The emotional toll on the caregiver is too often minimally appreciated, as friends and relatives focus only on the patient and the tragedy of his or her diminished life.
While the caregiver responds to what can seem like endless inquiries of concern from family members and friends about the ill or aging family member, there is often little attention to how the caregivers themselves are holding up.
Sense of Pressure to be Upbeat
Caregivers, like those around them who fail to appreciate the cost of constant giving, may come to feel that what they are experiencing is “nothing compared to what their loved one is going through”. Yet, like the sick patients they are caring for, caregivers are likely to feel short-changed by the illness, and resentful about the toll that it is taking. Anger and frustration may lead to guilt (“How can I feel these awful things when my partner is so sick?”), and the guilt, in turn, may create pressure to be continually upbeat and cheerful, with the caregiver fearing that were his discouragement to be detected, it might negatively impact the patient. The ‘cover-up’ can then backfire, with both parties feeling that they cannot honestly share their feelings.
Diminished Support from the Sick Partner
Added to the toll of increased responsibilities is the fact that when the caregiver is a spouse, he or she no longer has a healthy partner available for support, comfort, and soothing. The caregiver must go it alone, especially during the worst periods of crisis.
Added Strain when the Patient is Unmotivated
Strains on caregiver can be aggravated further when the patients shows minimal motivation for self-care — failing to participate consistently with rehab activities, refusing medications, ignoring basic hygiene, or failing to tell doctors about symptoms that may need attention.
Pain of Watching a Loved One Suffer
The strain on the caregiver can be made even greater by having to stand by helplessly to witness a loved one in severe pain. Though human beings have an adaptive biological mechanism built in for minimizing the most painful moments of our own lives (think how quickly a new mom, swearing during the pain of delivery that she will never have another child, is ready to give birth again), our protective mechanisms for watching pain in others are considerably less.
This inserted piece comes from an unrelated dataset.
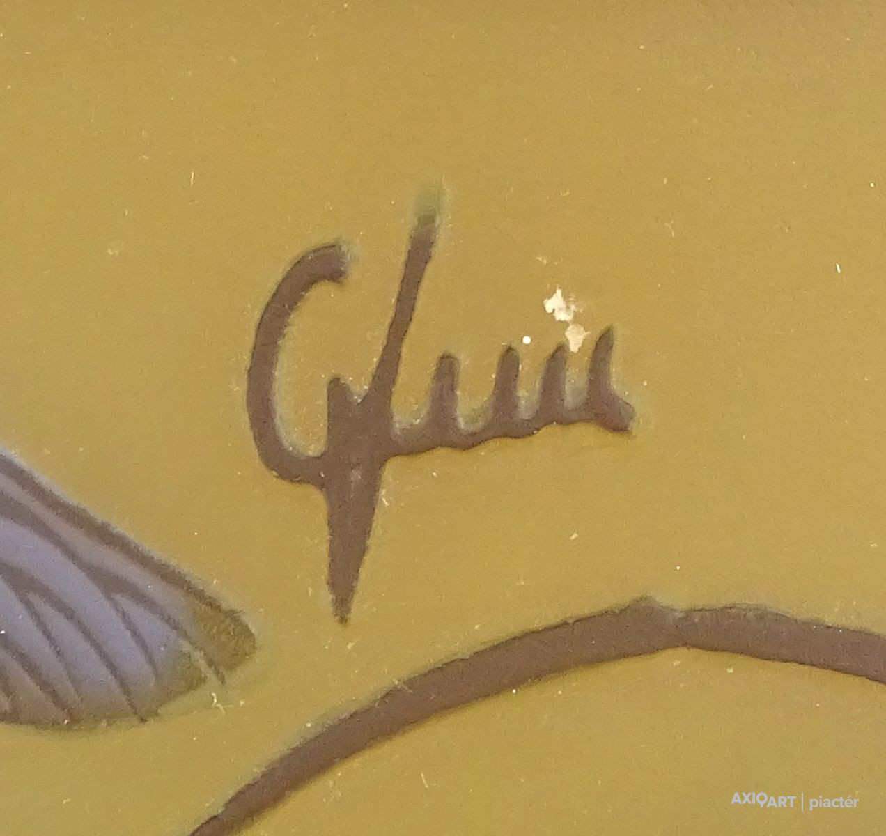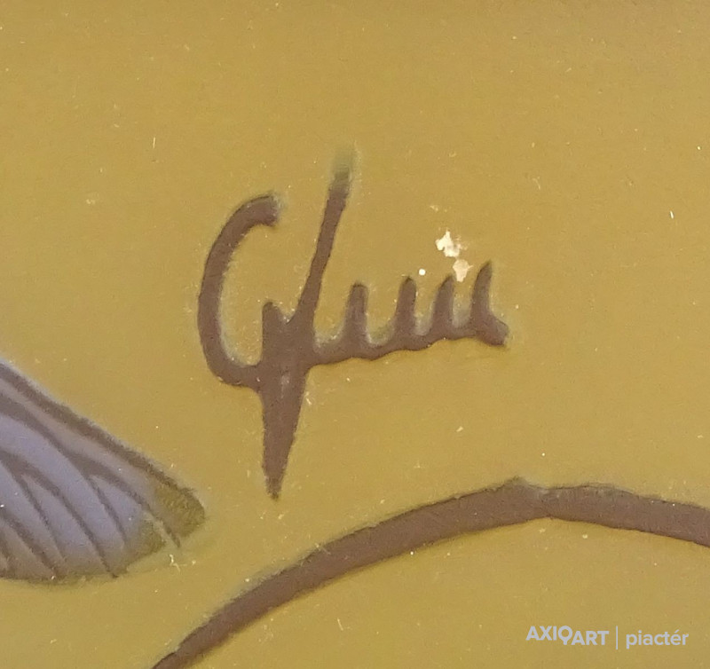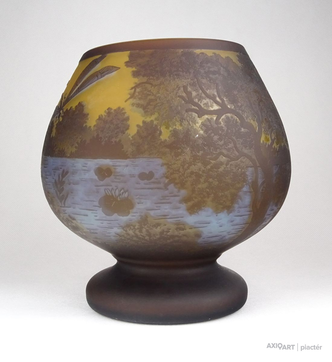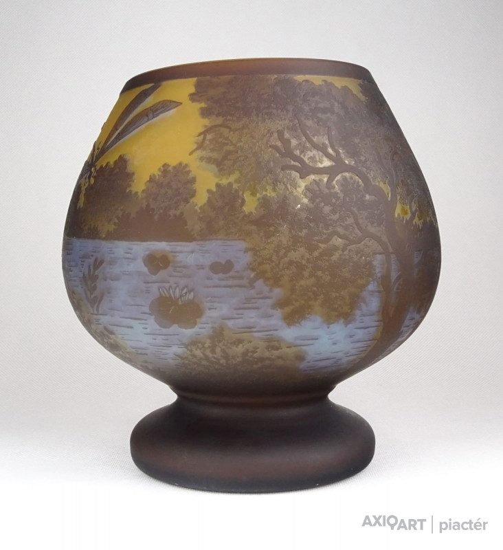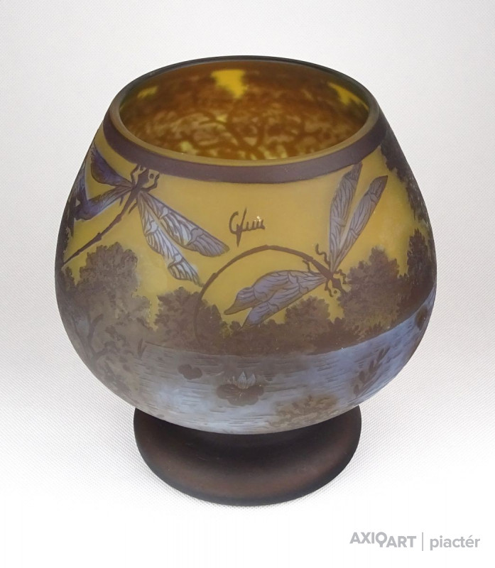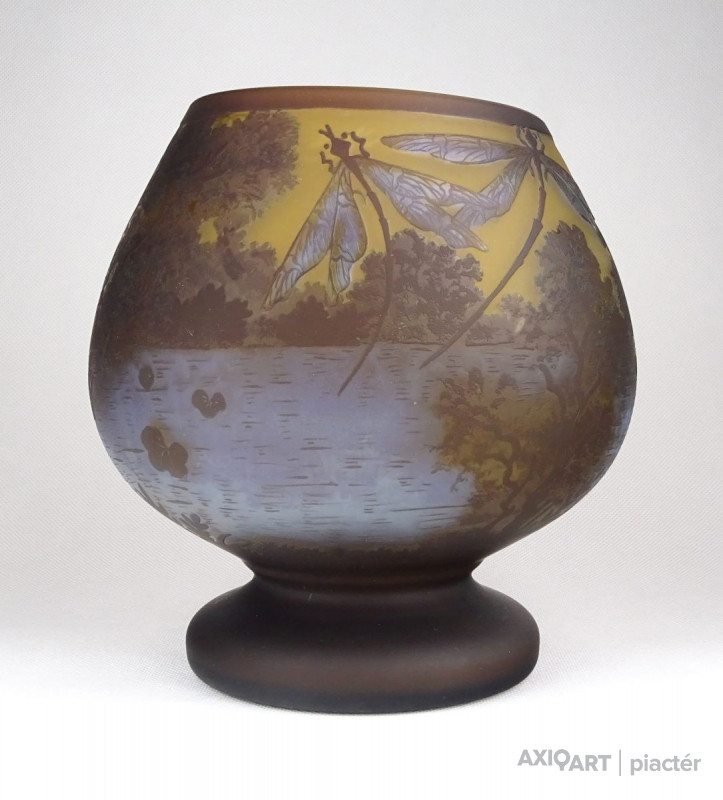 Antik, szép állapotú, többrétegű jelzett Art Nouveau üveg váza, díszváza. A váza szitakötőkkel díszített. Oldalán jelzés, lásd fotó. A vázatest oldalán furat található, lámpává alakítható.

Recently, a couple was talking with me about very rough medical patch they had gone through. The wife, describing her week-long stay in a hospital said, “Actually, after the first eight hours or so, most of it wasn’t that bad.” Her husband, who had slept in her room all seven nights, said, “I’m glad that’s how you remember it.” Even when she was too out of it to experience (and remember) her pain, he was not. Her painful groans in a semi-conscious slumber, left him with almost no sleep.
The patient, at the moments of greatest pain, may be partially out of touch with its magnitude, and further protected by adaptive minimization when it is stored in memory. On the other hand, those who watch someone in pain can suffer enormously, and may have considerably more vivid recall of the details. Studies of veterans suffering from wartime PTSD tell us that the traumatizing effects of seeing a buddy injured can be as (or more) severe than the effects of receiving an injury oneself.
Emotional Toll Needs to be Recognized and Addressed
The toll is enormous, the need for support great. Therapists who specialize in working with families members of the chronically ill can help, as can the many support groups listed in my earlier paper in this series.